Figure 3 presents the series of stimulations along with the spatiotemporal MEQ data and corresponding magnitudes. Detailed information about the MEQs—including location, time, and magnitudes—was continuously monitored during the hydraulic stimulations^45,46. In addition, to quantify the spatial extent of MEQs in response to fluid injection, we extracted the 95th and 50th percentiles (median) distances of the MEQ clouds from the injection points as a function of time. Although the monitoring array is extensive, the catalog still carries intrinsic uncertainties: hypocenter locations are accurate to about 1 m and there is no reported uncertainty range for magnitude⁴⁵. These uncertainties limit the fidelity of the training data and establish a floor on achievable forecast accuracy. Additionally, including all raw events—without excluding those below the magnitude of completeness—could constrain the neural network’s capability to learn underlying MEQ patterns (Supplementary Fig. 1).

**Fig. 3: Microearthquake and injection history for EGS Collab Stimulation 3-5.**

Forecasting performance

We evaluate three forecast intervals—1 s, 15 s, and 30 s—using a sliding-window strategy. At each forecasting instant t_n, the model ingests the entire monitoring history [t₀, t_n] and predicts subsequent interval [t_n+1, t_n + l_future], where l_future is the forecast range (e.g., 1 s, 15 s, or 30 s). For instance, when using a 15 s range, the model forecasts the next 15 s (e.g., t₁₀₁–t₁₁₅) based on the history data t₁−t₁₀₀. Once actual monitoring for these 15 s is recorded, these new data (t₁₀₁−t₁₁₅) are appended to the monitoring history. The model then uses the extended history t₁−t₁₁₅ to forecast the following segment t₁₁₆−t₁₃₀, and this procedure repeats until the monitoring concludes. Since the model consistently utilizes actual measurements without recycling previously predicted outputs, forecasting errors do not accumulate over successive forecasts (Fig. 4).

**Fig. 4: Schematic of the forecasting procedure.**

Figure 5 compares the forecasted and observed cumulative MEQ counts. For the 1-second forecast model the predicted curves are virtually indistinguishable from the ground truth, even on unseen data (validation R² = 0.999, test R² = 0.980). The 15-second forecast model maintains high fidelity (validation R² = 0.929, test R² = 0.972), with a slight tendency to overestimate MEQ growth during the most intense injection phases. The 30-s forecast model still captures the overall trend but systematically underpredicts the MEQ count late in each episode (validation R² = 0.649, test R² = 0.809). These results show that the transformer delivers excellent short-term forecasts, with accuracy declining gradually as the forecast window lengthens.
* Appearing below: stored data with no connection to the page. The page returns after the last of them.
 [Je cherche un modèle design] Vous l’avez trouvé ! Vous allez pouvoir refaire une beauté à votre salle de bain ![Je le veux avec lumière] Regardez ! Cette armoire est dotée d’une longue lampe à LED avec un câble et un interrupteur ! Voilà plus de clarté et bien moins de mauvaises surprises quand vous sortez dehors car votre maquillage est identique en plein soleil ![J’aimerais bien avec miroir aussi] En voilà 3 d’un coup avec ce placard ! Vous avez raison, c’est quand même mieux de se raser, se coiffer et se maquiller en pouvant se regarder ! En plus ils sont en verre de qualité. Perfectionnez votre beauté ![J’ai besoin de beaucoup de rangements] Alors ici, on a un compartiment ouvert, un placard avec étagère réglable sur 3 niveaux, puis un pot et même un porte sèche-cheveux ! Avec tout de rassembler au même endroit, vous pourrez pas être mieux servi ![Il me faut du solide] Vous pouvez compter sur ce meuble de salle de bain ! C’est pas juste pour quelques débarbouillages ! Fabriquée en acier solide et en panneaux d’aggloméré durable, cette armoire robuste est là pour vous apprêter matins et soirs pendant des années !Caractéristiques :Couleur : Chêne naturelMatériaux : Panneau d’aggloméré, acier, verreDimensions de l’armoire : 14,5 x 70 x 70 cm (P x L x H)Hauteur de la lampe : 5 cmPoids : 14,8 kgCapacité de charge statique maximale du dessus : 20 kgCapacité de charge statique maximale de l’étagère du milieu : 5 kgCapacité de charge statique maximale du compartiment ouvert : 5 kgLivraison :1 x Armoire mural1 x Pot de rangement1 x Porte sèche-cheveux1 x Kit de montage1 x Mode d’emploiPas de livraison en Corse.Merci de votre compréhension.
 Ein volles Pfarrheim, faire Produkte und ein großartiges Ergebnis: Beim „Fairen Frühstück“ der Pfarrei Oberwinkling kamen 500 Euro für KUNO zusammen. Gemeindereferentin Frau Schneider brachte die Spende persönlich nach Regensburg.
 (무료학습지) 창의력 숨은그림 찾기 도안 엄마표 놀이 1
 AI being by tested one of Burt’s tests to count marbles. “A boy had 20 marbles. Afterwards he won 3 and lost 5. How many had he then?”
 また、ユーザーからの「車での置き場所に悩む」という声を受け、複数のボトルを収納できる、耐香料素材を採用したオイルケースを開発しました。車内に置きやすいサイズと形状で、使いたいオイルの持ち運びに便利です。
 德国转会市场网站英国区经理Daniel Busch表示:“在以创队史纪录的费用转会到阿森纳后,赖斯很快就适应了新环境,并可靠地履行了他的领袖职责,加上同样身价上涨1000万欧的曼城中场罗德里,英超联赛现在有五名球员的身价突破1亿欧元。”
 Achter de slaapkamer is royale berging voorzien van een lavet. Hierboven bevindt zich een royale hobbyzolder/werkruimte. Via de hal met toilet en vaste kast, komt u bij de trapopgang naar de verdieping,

**Fig. 5: Cumulative MEQ counts: observed data (black dotted) versus forecasts for the 1-s (blue), 15-s (red), and 30-s (green) models.**

Second, we forecast the cumulative logarithmic seismic moment, a proxy for the activated reservoir volume and thus a key metric for planning new production wells^52,53. The cumulative moment ${{{\mathcal{M}}}}$ is defined as³⁹

$${{{\mathcal{M}}}}({t}_{i})=\int_{{t}_{0}}^{{t}_{i}}\log {M}_{0}\,dt,$$

(1)

with

$$\log {M}_{0}=1.5\,{M}_{w}+13.5,$$

(2)

where M₀ is the seismic moment, M_w the moment magnitude, t₀ the start of injection, and t_i the current injection time.
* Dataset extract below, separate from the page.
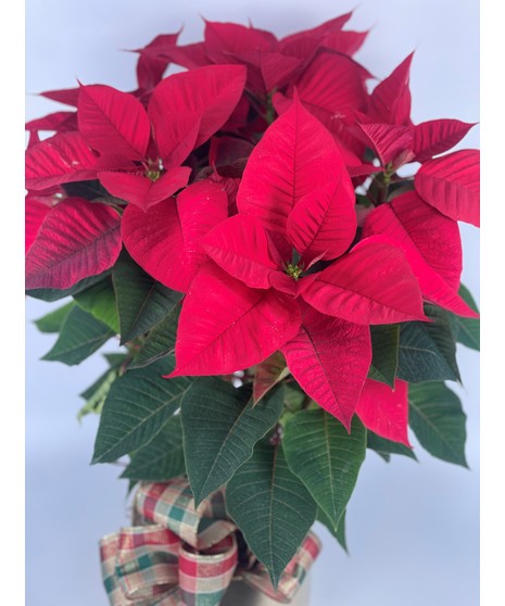 Brighten up your festive season with this radiant 6-inch poinsettia, the quintessential Christmas Flower! It's a jubilant explosion of holiday red that's sure to invoke the spirit of joy and celebration in any setting. This merry beauty is nestled in a charming basket, tied with a shimmering silver bow that twinkles with the magic of the season. Ideal for creating that warm, holiday welcome in any nook, this poinsettia's compact size makes it a versatile addition to your yuletide decor. Whether it's gracing your dinner table, perched on a windowsill, or adding a dash of color to your office, it's a delightful nod to tradition that's bound to please. Caring for this festive gem is a breeze, ensuring it remains a jolly sight throughout the holidays. Just keep it cozy away from chilly drafts, bask it in gentle, indirect light, and water to the tune of "Jingle Bells"—sparingly, that is!
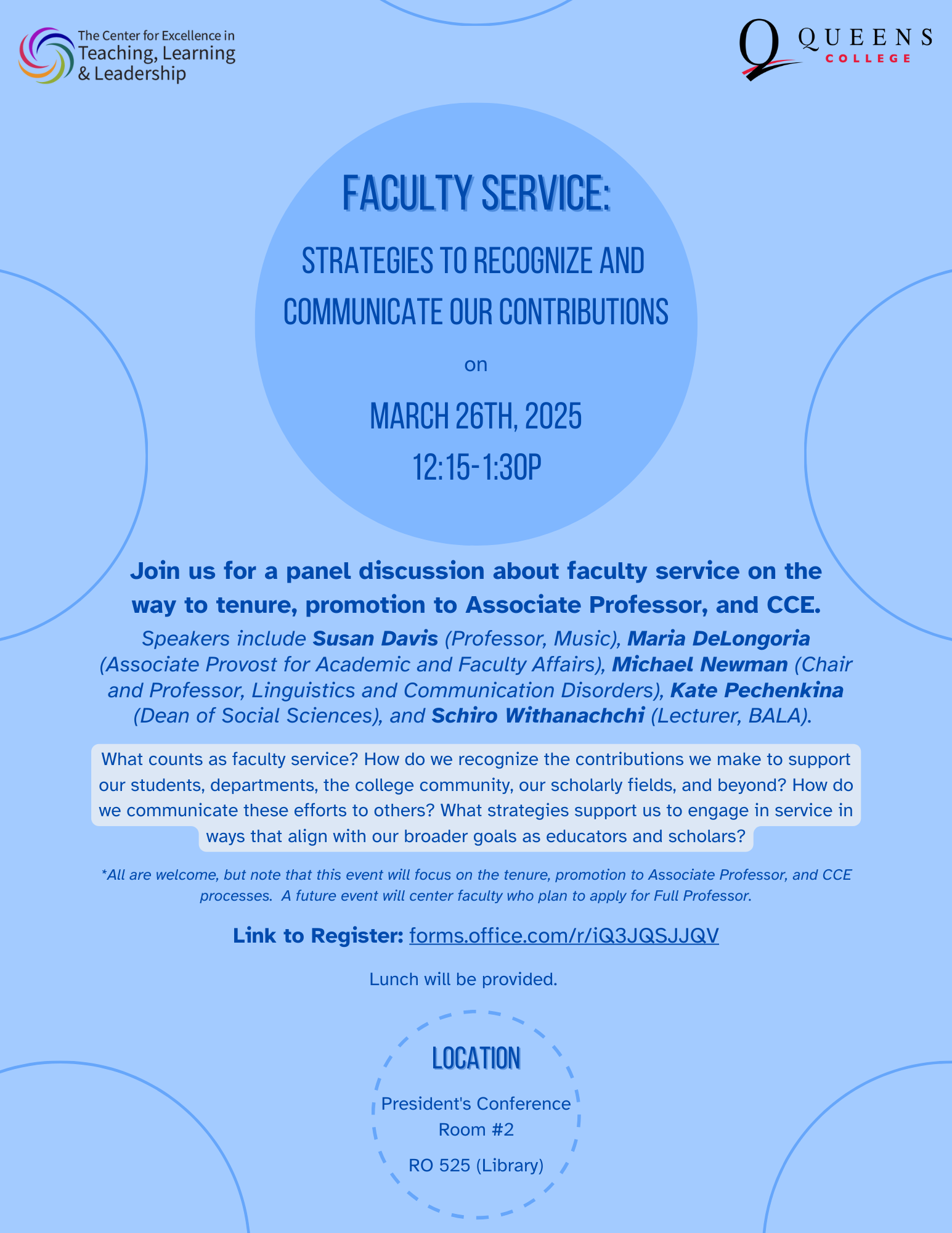 [CETLL] a panel discussion on Faculty Service: Strategies to Recognize and Communicate Our Contributions, Wed March 26, 12:15-1:30p, President's Conference Room #2

Figure 6 compares the predicted and observed cumulative moments for the 1-, 15-, and 30-s forecast models across the three data splits. The 1-s forecast model reproduces the observations almost exactly (validation R² = 0.999, test R² = 0.978). Performance remains high at 15-s forecast model (validation R² = 0.878, test R² = 0.935), although the predictive bands widen compared with the 1-s case. At 30-s forecast the model still captures the overall trend but underestimates the released seismic energy (validation R² = 0.546, test R² = 0.765). These results confirm that our neural network effectively links hydraulic-energy input to seismic-energy release, providing reliable short-term estimates of cumulative moment while showing a gradual and interpretable loss of accuracy as the forecast range increases.

Fig. 6: Cumulative logarithmic seismic moment: observed data (black dotted) versus forecasts from the 1-, 15-, and 30-s models (blue, red, green) for the training (left), validation (middle), and test (right) sets.

Accurately forecasting the spatial evolution of MEQ clouds is critical for delineating the affected area, guiding mitigation, and optimizing future well placement¹⁵. Figure 7 compares the spatial extent of the MEQ clouds across the training, validation, and test sets, quantified by the 50th and 95th percentiles of the Euclidean distance from the injection point. The 1-s and 15-s forecast models reproduce the ground truth trajectories of both the median distance (P₅₀) and the far distance (P₉₅), achieving R² > 0.97 for the 1-s forecast model and R² > 0.94 for the 15-s forecast model.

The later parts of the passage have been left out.